The cost of long-term custodial care presents the most significant threat to estate preservation for the majority of clients.
However, most families facing the specter of long-term care do not seek out or are unable to find competent advisors. Knowledgeable legal and financial professionals are needed to walk families through the maze of selecting the best care arrangement, filling out facility admission paperwork, and developing a structured financial plan to pay for the custodial care.
The professional with the office down the street from you will have very little experience in these areas. The most common "advice" we hear from them through our clients with immediate nursing home situations is that there is nothing that can be done: they are simply told they have to expend all of their assets. But this is not the answer. First, the term "spend down" does not equate under the law to "go broke," particularly for a married couple. Second, the case worker at the County Medicaid Department is trained and overseen by those in charge of limiting Medicaid expenditures. Their job is not to protect your financial independence by providing you advice, but to process paperwork.

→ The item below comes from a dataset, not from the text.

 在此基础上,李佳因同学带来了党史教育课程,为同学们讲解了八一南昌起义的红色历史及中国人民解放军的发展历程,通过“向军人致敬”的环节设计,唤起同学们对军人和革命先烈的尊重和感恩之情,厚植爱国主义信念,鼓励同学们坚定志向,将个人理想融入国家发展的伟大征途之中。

The lack of competent impartial advisors often leads to unfortunate results. One client, by the time she had first contacted us, had applied every penny she and her husband owned to pay for the husband's custodial care, and was in the process of mortgaging their home to continue to provide for his care, without anyone telling her she was spending money the law entitled her to keep for her own needs. We have spoken to another woman who was threatened with immediate imprisonment for her refusal to sign over accounts on which her sister's name appeared, even though she was clearly not required to under the law. While these cases are extreme, they illustrate the point that a knowledgeable professional should be in your corner.
The neighbor's suggestion to give everything to the children is NOT the answer, especially if your are merely worried about the possibility of a nursing home stay. Further, it will NOT work if there is a need for such care in the next few years.
Our firm assists seniors and their families navigate this difficult area on a daily basis. We have the knowledge and experience to provide you and your loved ones with a complete and thorough evaluation of your needs, develop a concise plan of action and supply all the support necessary for the execution of that plan.
Beware of "advisors" who offer free advice: if they are not government or non-profit workers, then they must get paid from you somehow.
And use common sense: the Medicaid laws are complex and constantly changing, and solutions are unique to each case. "Experts" offering to sell you videos are really "reeling you in" to buy more services, because a video is not going to give you the best solutions to your problems and the tools to accomplish them.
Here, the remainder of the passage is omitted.